In order to get work done, you’ll need to partner with other companies, large and small, to provide services or materials that are essential to your business. It’s important to note, however, that working with any partner is inherently risky. You’re entrusting someone else with your company’s name, reputation or money. Here are some tips on how to vet potential vendors to be sure that you’re working with partners who are ethical, qualified and a great fit for your business.
1. Start at the Better Business Bureau
The Better Business Bureau (BBB) is the place to find out details about different businesses. As much a consumer resource as a professional one, the BBB provides accredited statuses to businesses that are above reproach and evaluates businesses based on their integrity and performance.
If you live in a metropolitan area, chances are you have a local BBB office that focuses solely on businesses in your region. The BBB also offers online programs to help businesses figure out everything from social media management to mobile websites.

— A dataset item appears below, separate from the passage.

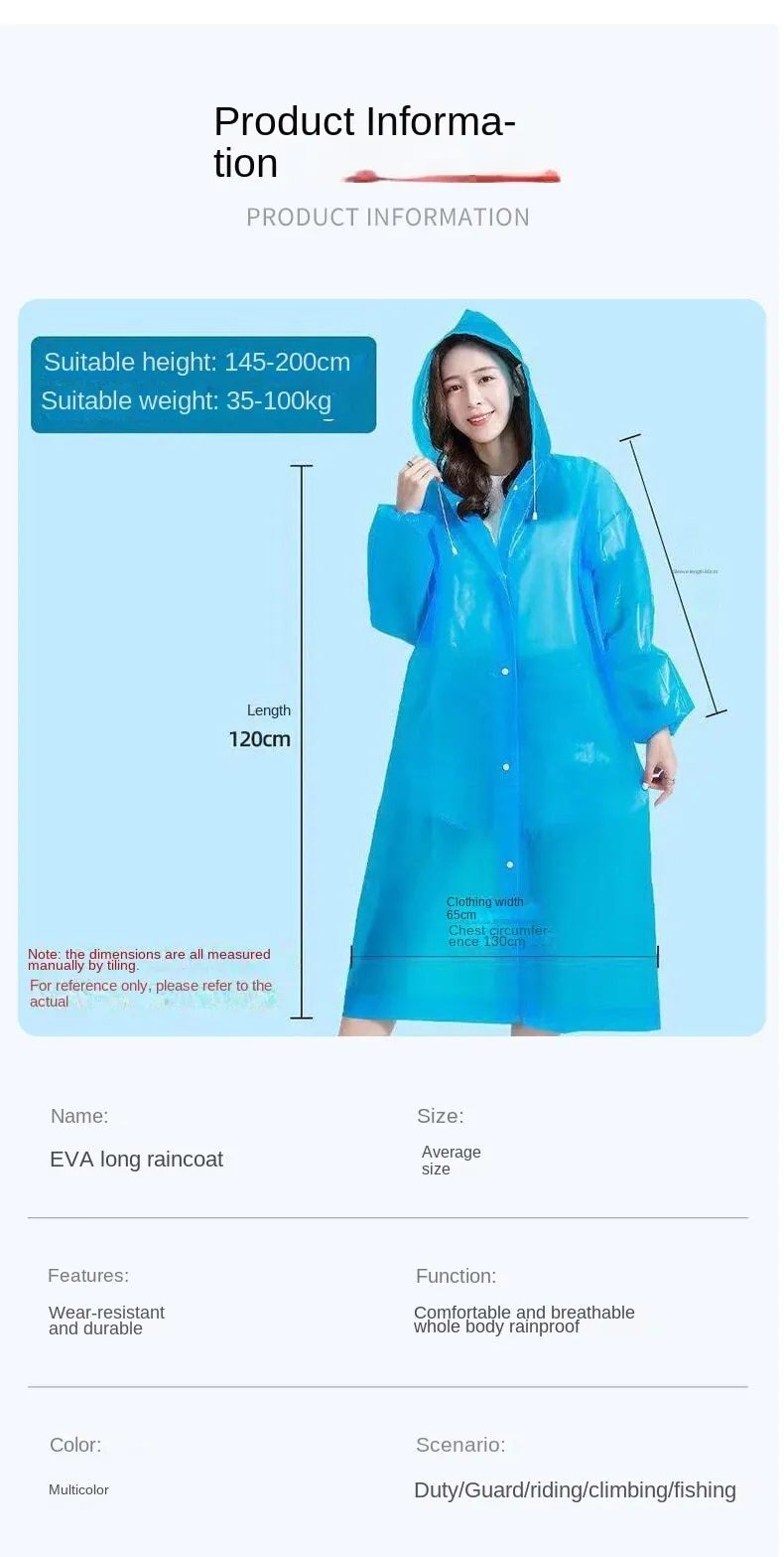 2.Thickened material :The thickened material of this raincoat makes it durable and resistant to wear and tear.

Whether you’re looking for a vendor to do business with or looking for tips and tricks for your own business, the Better Business Bureau is a great place to start.

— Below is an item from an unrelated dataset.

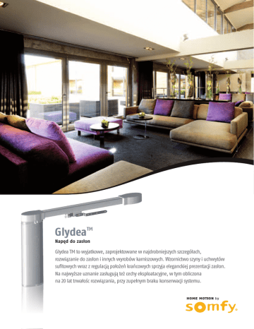 GlydeaTM Napęd do zasłon Glydea TM to wyjatkowe, zaprojektowane w najdrobniejszych szczegółach, rozwiązanie do zasłon i innych wyrobów karniszowych. Wzornictwo szyny i uchwytów sufitowych wraz z regulacją położeń krańcowych sprzyja eleganckiej prezentacji zasłon. Na najwyższe uznanie zasługują też cechy eksploatacyjne, w tym obliczona na 20 lat trwałośc rozwiązania, przy zupełnym braku konserwacji systemu. GlydeaTM spotyka się z uznaniem przy realizacji najbardziej prestiżowych projektów. Zmotoryzowane zasłony znajdują się na samej górze listy niezbędnych produktów przy projektowaniu i renowacji wysokiej klasy hoteli, luksusowych domów oraz sal konferencyjnych. Rozwiązanie GlydeaTM sprawi, iż Twoje miejsce będzie wyróżniało się pod względem wizerunku, użyteczności i funkcjonalności... lydeaTM poprawia wizerunek każdego miejsca, G a także czyni codzienne czynności prostszymi apęd GlydeaTM w znaczacy sposób przyczynia się do N oszczędzania energii, zapewnia komfort i bezpieczeństwo D zięki funkcji - ruch przez dotyk* - możliwe jest uruchomienie napędu elektrycznego poprzez delikatne szarpnięcie tkaniny i tym samym automatyczne otwarcie lub zamknięcie zasłony. Zalety rozwiązania Glydea Elastyczność Efektywność Estetyka Cisza Współpraca z różnymi systemami sterowań - zarówno radiowymi, jak i przewodowymi ·Funkcja ruch przez dotyk - zasłona otwiera się i zamyka przez pociągnięcie tkaniny. · Funkcja „my”, aby automatycznie sterować zasłoną i przesuwać ją do pozycji komfortowej. · Regulowana prędkość: 12,5 cm/s do 20 cm/s Innowacja w Somfy: Opatentowany estetyczny design obudowy ukrywający kable i chroniący moduły sterujące wewnątrz napędu Niski poziom hałasu szyny (<44db(A)) dzięki umieszczeniu paska napędowego w szynie. Pilot Telis 16 Nadajnik naścienny Smoove 1 RTS Przełącznik kablowy INIS UNO * Dotyczy GlydeaTM 60e DCT Somfy Sp. z o.o. ul. Marywilska 34J 03-228 Warszawa T: +48 (22) 509 53 00 F:+48 (22) 509 53 01 www.somfy.pl e-mail: [email protected] Copyright ® by Somfy 06/2011

2. Make Sure Your Vendor Is Not on a Government Watch List
The U.S. Patriot Act requires that all businesses are in compliance with the Foreign Corrupt Practices Act and the UK Anti-Bribery Regulations. Obviously, you want to steer clear of any vendor that has been found to violate either of these acts or ends up on a government watch list. In the long run, the headache of working with them will not be worth it.
3. Interview Multiple Vendors
Similar to hiring an employee, choosing to work with a vendor is determined by a variety of factors, including personality, quality of work and cultural fit. Especially if you anticipate entering into a long-term relationship with a vendor, ensuring that they are a good fit is important. Bring in a few different vendors that you have identified as candidates, and ask them the same set of questions.
If possible, have one or two other employees sit in on the interview so you can get a second opinion. In the case of how many to interview, at least three seems to be the magic number.
4. Ask for References
You can either ask for references from all of the vendors you interview, or seek references from only your list of top choices. Vendors should have a list of references at the ready, including name and contact information, for current clients who are willing to speak with you directly.
5. Take Them for a Test Drive
If you’re buying an e-ticket item, such as a customer relationship management (CRM) software program or even just high cost supplies and materials, ask the vendor for a trial period. Try to avoid signing a twelve-month contract until you’ve used the vendor one or two times. The information you gather during this testing phase is invaluable, as it will help get a real-world idea of how said vendor operates and responds to any issues.
6. Verify Their Licenses and Insurance Policies for Yourself
Don’t just take the vendor’s word for it that they are compliant with insurance and licensing requirements for their industry. Again, the Better Business Bureau is a good place to start when looking for this information. You also want to search public records to see if there have been any complaints filed against them.
Lastly, it might be worth a Google search to see what the buzz on the internet is about the vendor. Of course, take anything posted to a public forum—especially if it’s posted anonymously—with a healthy dose of salt.
7. Review Their Security, Especially Their Digital Security
Chances are that the information you’ll share with the vendor will be somewhat sensitive. Whether it’s bank account information, Social Security Numbers or technical specifications, you want to know this information will be secure. With the number of data breaches on the rise, especially among businesses, make sure to ask the vendor what security measures they have in place.
8. Ask for Your Service Level Agreement (SLA) in Writing
Then go over it carefully. A service level agreement is a contract with open-ended dating between you and the vendor that outlines what is and what is not included as part of their scope of work. It also outlines your responsibilities regarding payment, and how you and the vendor will dissolve your working relationship when the time comes.
Working with a vendor can greatly expand your business’ capabilities and response times. Make sure, however, that you’re striking up a partnership with a trusted business. That way, your business can avoid the pitfalls of entering an agreement with an unethical or ineffective vendor.